Sesekali, juga dilengkapi dengan gambar maupun ilustrasi yang kiranya untuk
lebih memudahkan dalam mendapatkan pemahaman akan peristiwa ilmu pengetahuan. Gambar
berhubungan dengan jenis alat untuk bercocok tanam, sekian nama jenis tumbuhan
baik sayuran maupun bunga, jenis hama yang meski diantisipasi, hingga potret peristiwa terdiri para wanita yang sedang berkebun.
Penulis
buku yang notabene ahli pertanian tak sebatas pamrih akan penguraian ilmu
pengetahuan terkait bercocok tanam beserta dengan pranatanya.
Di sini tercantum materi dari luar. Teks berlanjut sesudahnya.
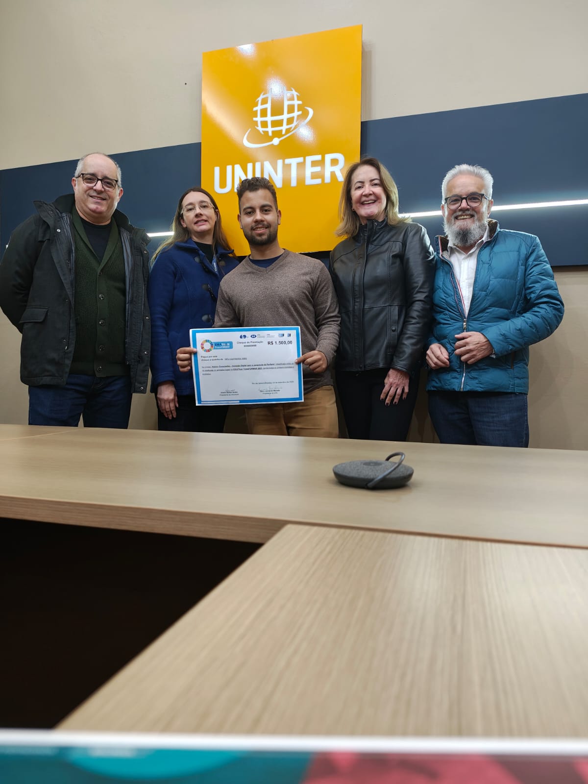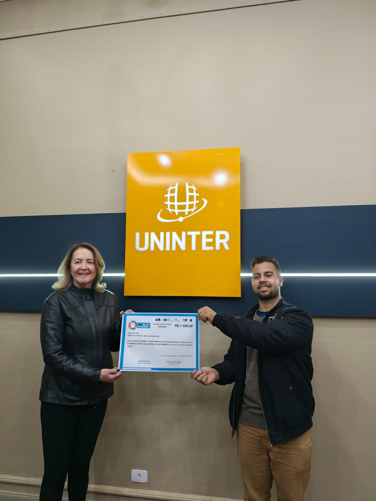 Ele destaca o papel da graduação em Administração da Uninter na construção da base técnica e no desenvolvimento de habilidades de comunicação, bem como a proximidade com professores e o apoio recebido ao longo da elaboração do projeto.

Apalagi buku
dimaksudkan sebagai bagian dalam pendidikan. Ia memberikan penegasan bahwa
keberadaan lembaga yang berhubungan dengan perkebunan hadir dalam upaya
pencerdasan masyarakat Indonesia agar bisa lebih berkembang dalam berkebun. Penegasan
itu terbaca di bagian penutup:
“Selain
mempeladjari beberapa petundjuk dari buku-buku, ada baik pula untuk berhubungan
dengan Djawatan Pertanian Rakjat atau Kantor Perkebunan Rakjat Pasar Minggu,
Jakarta, agar soal-soal jang tak atau belum dimengerti betul dapat dibitjarakan
bersama-sama. Dengan tjara demikian, kemungkinan untuk mendapat hasil jang
lebih memuaskan ada lebih besar.”
Bahkan,
penulis buku juga membuat ajakan bahwa kerja-kerja terkait pekarangan perlu
dengan penggalakkan gerakan kolektif. Penjelasan tersampaikan: “Sebagai penutup
perlu kiranja, bahwa pada permulaan tahun 1951 di Djakarta atas inisiatip dari
beberapa penduduk bangsa Belanda telah didirikan suatu perkumpulan kebun
(pekarangan rumah) jang diberi nama “Tuinclub”.”
Paragraf yang membuat kita tidak bisa memandang sebelah mata urusan bercocok tanam dan mengurus pekarangan. Kita malah tergerak membuka sebuah buku tipis telah lusuh. Buku berisi pidato Sukarno berjudul Wanita Indonesia Selalu Ikut Bergerak dalam Barisan Revolusioner disampaikan pada Kongres Wanita Indonesia di Stadion Gelora Bung Karno, Jakarta pada 24 Djuli 1964. Ia berkata: Revolusi Indonesia adalah revolusi wanita.[]
*Joko Priyono. Fisikawan Partikelir. Penulis Buku Sains, Kemajuan, dan Kemanusiaan.